▶ **Task to complete**
Copy the first line of the entries below and every line after it through the line containing "Ijang Newspaper Lahore: May". Do not include pictures.

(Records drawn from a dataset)
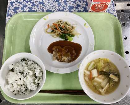 今日は、わかめごはん、鶏肉のゆず味噌焼き、野菜のからしじょうゆあえ、白菜と油揚げのみそ汁、牛乳です。
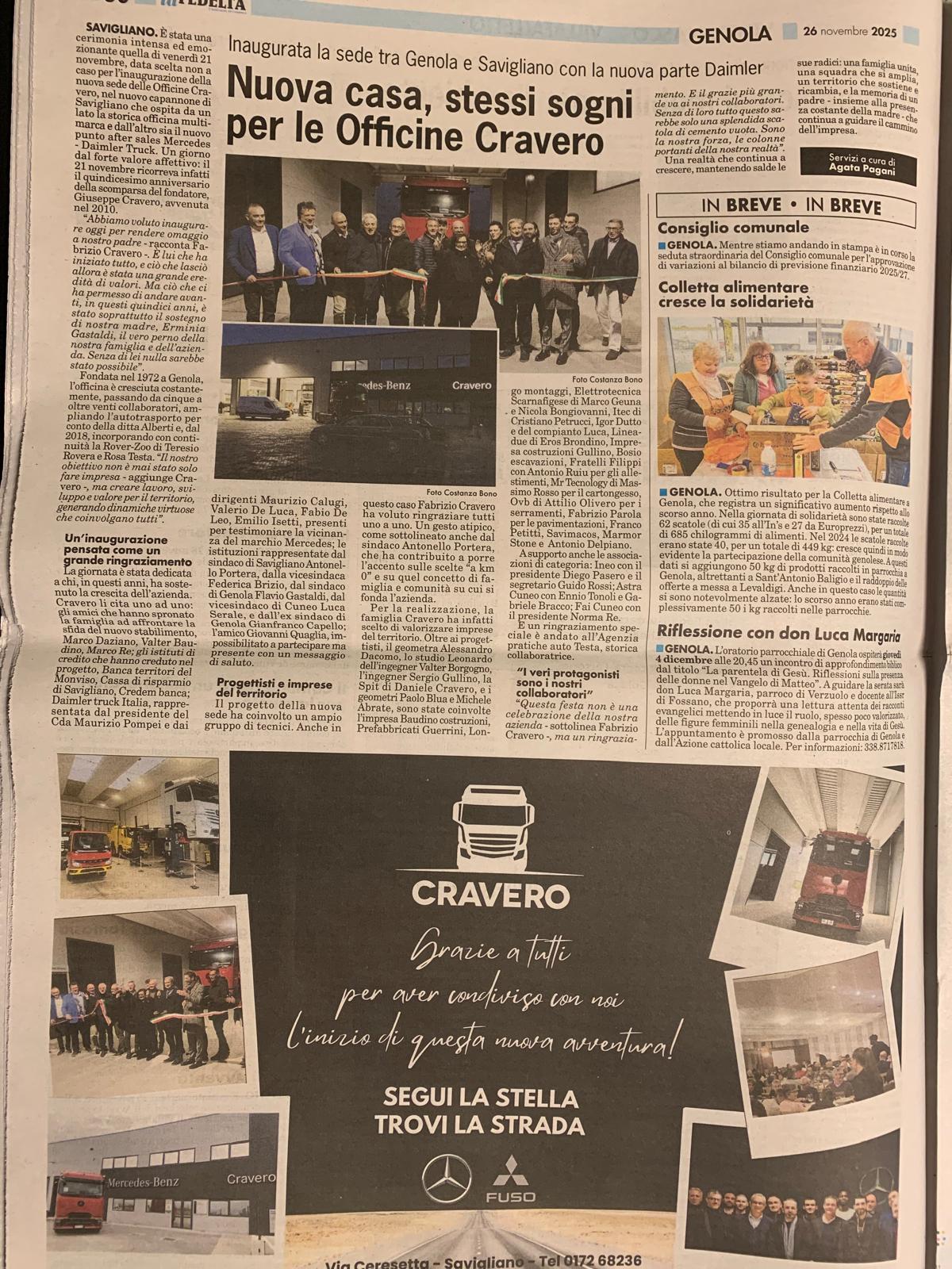 E’ stata una cerimonia intensa ed emozionante quella di Venerdì 21 novembre, data scelta non a caso per la nostra inaugurazione ufficiale, nel nuovo capannone di Savigliano che ospita da un lato la storica officina multimarca e dall’altro il nuovo punto after sales Mercedes – Daimler Truck.
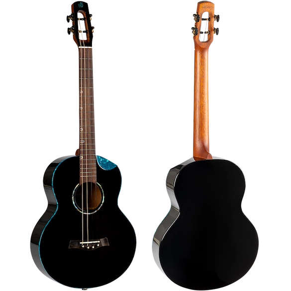 Baritone ukuleles continue to grow in popularity throughout the world, and we wished to offer our excellent Nighthawk model in the baritone scale. At Flight, we love pushing the boundaries of ukulele design, and the Nighthawk Baritone is no exception! Inspired by the popular features of our Spirit and Mustang models, the Nighthawk Baritone brings the same bold and sophisticated look, now in a larger scale. With eye-catching details like the blue pearloid cutaway and binding, square off-set fretboard markers, and a black finish, this baritone uke is both a visual standout and a high-performance instrument.
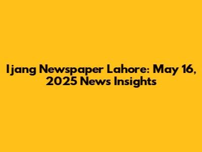 Ijang Newspaper Lahore: May 16, 2025 News Insights
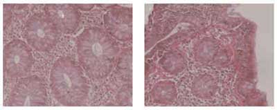 Der kluge Gastroenterologe hatte trotzdem eine Verdachtsdiagnose und entnahm mehrere Schleimhautbiopsien, wovon sie ein histologisches Präparat (rechts) finden. Daneben ein Stück normale Darmschleimhaut zum Vergleich (links).
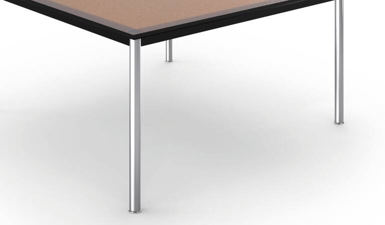 The table, in its original size, which was originally presented as a writing desk, was revisited by Perriand in 1984, and relaunched by Cassina one year later, offering new features to keep pace with contemporary needs. The minimalist design of the frame is revealed in the uniqueness of the chrome finish on the tubular steel uprights and the coloured lacquer finish on the crosspieces.
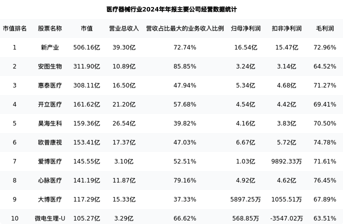 开立医疗最新报告期数据为年报,下表汇总了医疗器械行业内市值靠前的公司年报主要经营数据
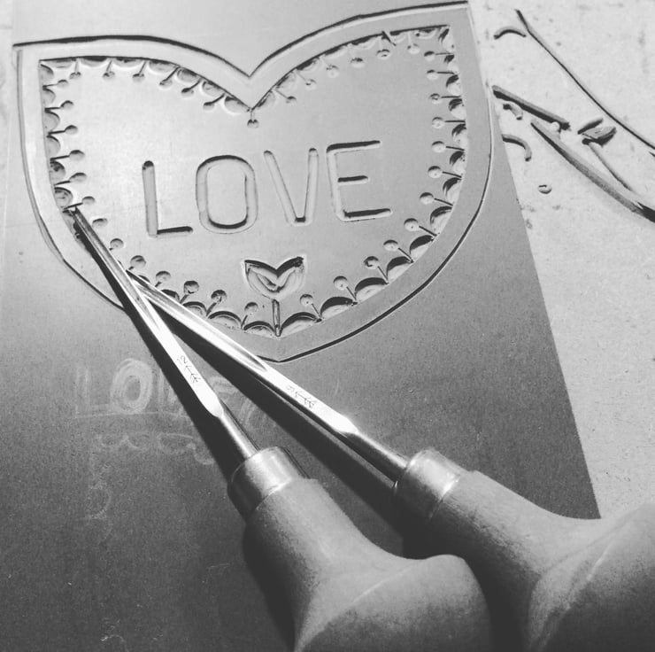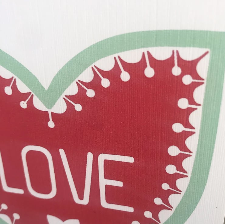 As with all my cards and prints the 'Big Heart' design started life as a little sketch in my sketchbook, the design was then cut in lino and printed by me so the design has a beautiful, simple block print style that is retained in the final card design. All my designs are created in my little studio by the sea.

▶ **Solution**
 今日は、わかめごはん、鶏肉のゆず味噌焼き、野菜のからしじょうゆあえ、白菜と油揚げのみそ汁、牛乳です。
 E’ stata una cerimonia intensa ed emozionante quella di Venerdì 21 novembre, data scelta non a caso per la nostra inaugurazione ufficiale, nel nuovo capannone di Savigliano che ospita da un lato la storica officina multimarca e dall’altro il nuovo punto after sales Mercedes – Daimler Truck.
 Baritone ukuleles continue to grow in popularity throughout the world, and we wished to offer our excellent Nighthawk model in the baritone scale. At Flight, we love pushing the boundaries of ukulele design, and the Nighthawk Baritone is no exception! Inspired by the popular features of our Spirit and Mustang models, the Nighthawk Baritone brings the same bold and sophisticated look, now in a larger scale. With eye-catching details like the blue pearloid cutaway and binding, square off-set fretboard markers, and a black finish, this baritone uke is both a visual standout and a high-performance instrument.
 Ijang Newspaper Lahore: May 16, 2025 News Insights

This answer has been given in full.